Figure 2 B (ADT MODALITY HEATMAP)

  1. Cell Journey (trajectory): click Generate grid.
  2. Cell Journey (trajectory): set Step size to 2.00, Tube segments to 20, Number of clusters to 3, Number of automatically selected features to 10, and Heatmap color scale to Inferno.
  3. Scatter plot: select ADT from the Modality dropdown menu.
  4. Click on a random cell from the center of the point cloud. Try a few cells within the suggested area if the first one didn't result in an appropriate trajectory.
  5. Cell Journey (trajectory): select Box plot from the Plot type dropdown menu, set Trendline to Median-based cubic spline.
  6. Find CD34 gene by hovering the heatmap.

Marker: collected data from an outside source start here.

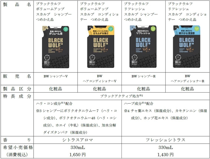 「ブラックウルフ」は、自分本来の頭皮の活力※1に着目し、ブラックアクティブ処方※2を採用した『黒髪をケアするためのヘアケアブランド』です。シャンプー、コンディショナー、スカルプエッセンス、カラートリートメントといったラインアップで2021年10月より発売しております。
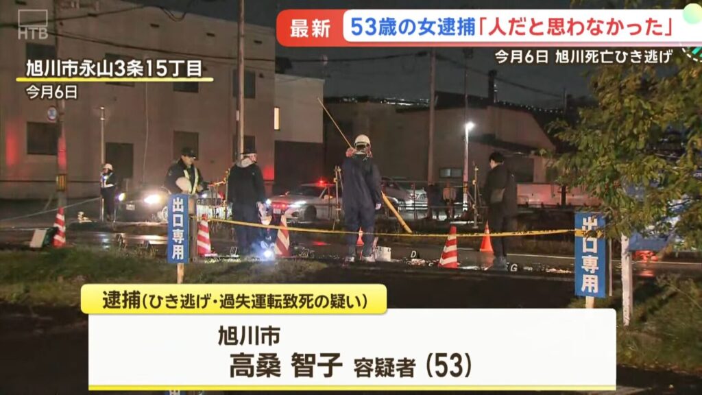 旭川市で起きた死亡ひき逃げ事件で、53歳の女が逮捕されました。
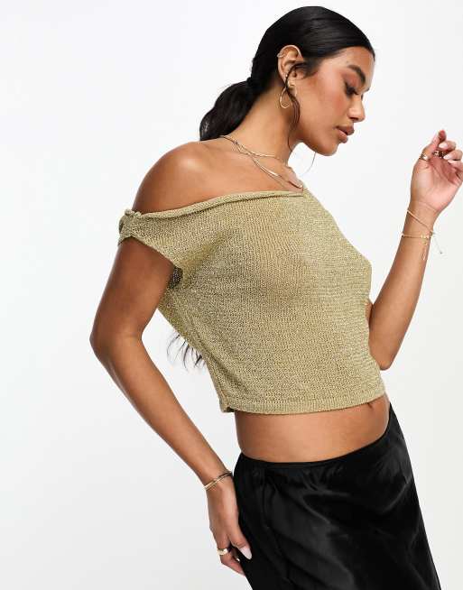 ASOS DESIGN metallic knit asymmetric top in gold
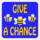 This design features 3 honey bees that take the place of of the word bees so that the caption is Give Bees A Chance. Save the honey bees. No pesticides.
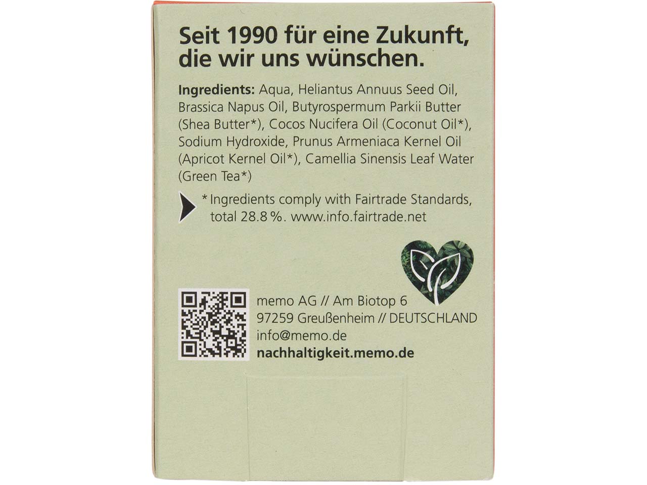 Aqua, Heliantus Annuus Seed Oil, Brassica Napus Oil, Butyrospermum Parkii Butter (Shea Butter*), Cocos Nucifera Oil (Coconut Oil*), Sodium Hydroxide, Prunus Armeniaca Kernel Oil (Apricot Kernel Oil*), Camellia Sinensis Leaf Water (Green Tea*) Der Fairtrade Anteil beträgt 28,8% (Coconut Oil 11,6%, Shea Butter 13,4%, Apricot Oil 3,3%, Grüntee 0,5%) |
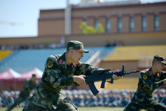 入营仪式上,承训部队进行了队列表演、刺杀表演、擒敌表演及硬气功表演,整齐划一的动作和气势恢宏的表演赢得了阵阵掌声!承训部队首长做了动员讲话,为新生明确了军训的方向,增强了信心,鼓舞了士气。
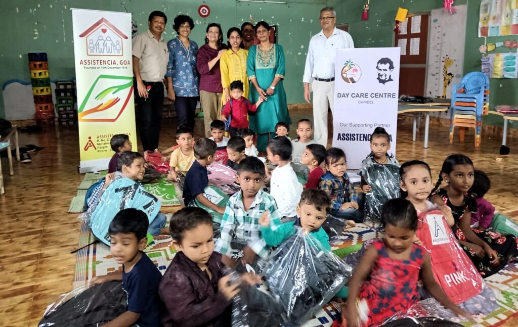 On 17th October 2024 the children of the Chimbel Day Care Centre were presented with School bags by the Staff of Assistencia, as a part of their sponsorship of the Project. Mr. John & Mrs. Ingrid spent time interacting with the children and gave them the bags, amid joy at receiving these gifts.
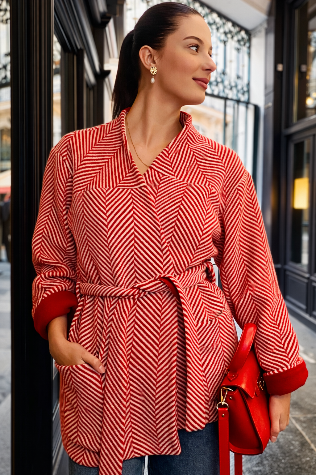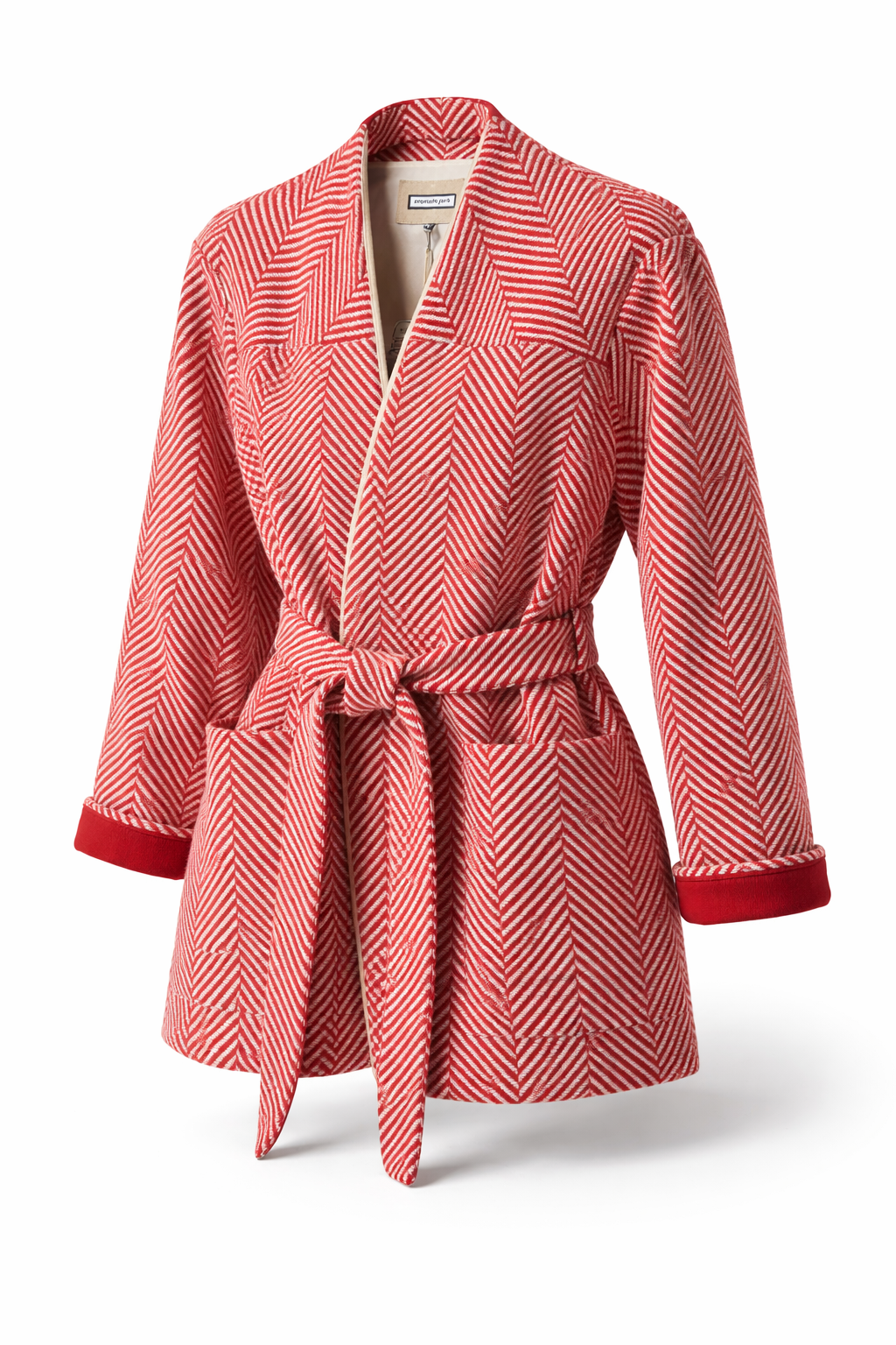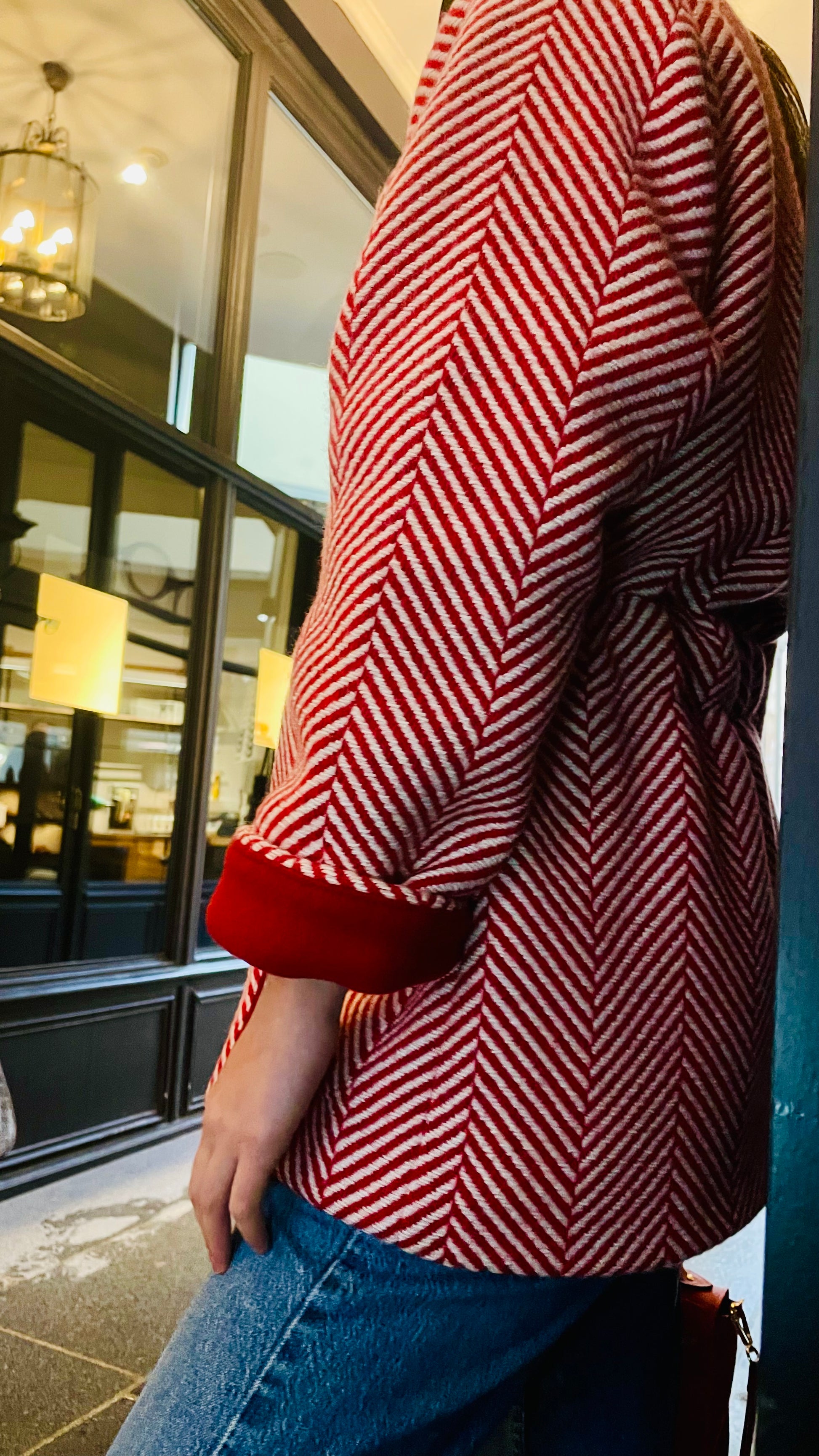 Veste Kimono — Tweed Chevron Rouge & Écru
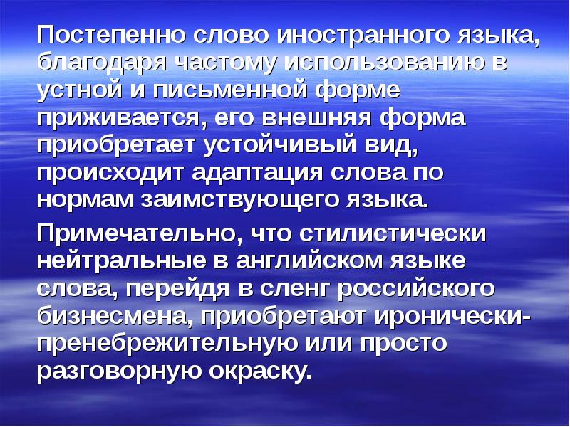 Постепенно слово иностранного языка, благодаря частому использованию в устной и письменной форме приживается, его внешняя форма приобретает устойчивый вид, происходит адаптация слова по нормам заимствующего языка. Постепенно слово иностранного языка, благодаря частому использованию в устной и письменной форме приживается, его внешняя форма приобретает устойчивый вид, происходит адаптация слова по нормам заимствующего языка. Примечательно, что стилистически нейтральные в английском языке слова, перейдя в сленг российского бизнесмена, приобретают иронически-пренебрежительную или просто разговорную окраску.
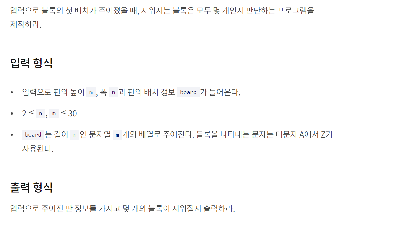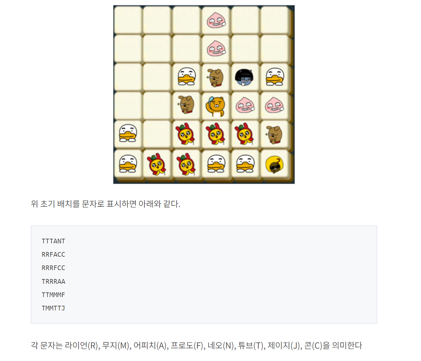 블록을 나타내는 문자는 대문자 A-Z로, 라이언(R) / 무지(M) / 어피치(A) 등 문제에서 설명한 캐릭터들만 있는게 아니다. 즉 A부터 Z까지 각 문자가 나타내는 캐릭터가 있다고 생각하면 된다.
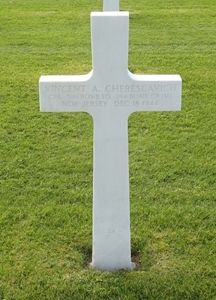 Cpl. Vincent A. Cherescavich graduated from Perth Amboy High School in 1941.The airplane crashed after a mid air collision with another B-26 (#42-96207) over the advanced landing ground A-75, situated in Cambrai/Epinoy.

Click on any segment to obtain figure (ADT: CD34 ALONG TRAJECTORY.

Lineage tracing

  1. Upload data and select coordinates: Load the clonal_data.h5ad file generated in the Lineage tracing tutorial.
  2. Upload data and select coordinates: Select X_umap(1), X_umap(2), and X_umap(3) as X, Y, and Z coordinates.
  3. Skip U, V, and W coordinates. Cell Journey will display a warning Please select all the required columns. This can be ignored, as trajectories are not integrated in this case.
  4. Upload data and select coordinates: Click Submit selected coordinates.
  5. Global plot configuration: change Axes switch to Hide.

Figure 3 A

  1. Scatter plot: select Cell type annotation from the Select feature dropdown menu.
  2. Scatter plot: change Use custom color palette to ON, and paste following hex codes into the Space-separated list of color hex values (max 20 colors) field: #000000 #FF6666 #9933FF #E085C2 #9EE09E #FF8000 #F0C1E1 #B3FF66 #B30000 #FFBF80 #604020.

Figure 3 B

  1. Scatter plot: change Use custom color palette to ON, and paste #000000 #1F75FE #FF6666 into the Space-separated list of color hex values (max 20 colors) field.
  2. Scatter plot: set Point size to 1.0.
  3. Scatter plot (clonal data): change Click on a cell to find the clones to ON.
  4. Click on a cells at the edge of the neutrophil cluster. You may need to try a few times to obtain the same results as shown in the article.

Figure 3 C

  1. Follow the steps from Figure 3 B.
  2. Scatter plot: select Solar fro the Built-in continuous color scale
  3. Scatter plot: switch Reverse order of color scale to ON.
  4. Scatter plot: select the color black from the color picker.
  5. Scatter plot (volume plot): set Volume plot transparency cut-off quantile to 15, Volume plot opacity to 0.20, Radial basis function to gaussian, Smoothing level to 100, Gaussian filter standard deviation multiplier to 1, and Grid size to 40.
  6. Switch Add volume plot to continuous feature and Single color scatter when volume is plotted to ON.
  7. Click on a cell at the edge of the neutrophil cluster. You may need to try a few times to reproduce the article's results. Note that when the volume plot in ON, Cell Journey will not respond to clicking on cells. You must switch Add volume plot to continuous feature to OFF to retry selection.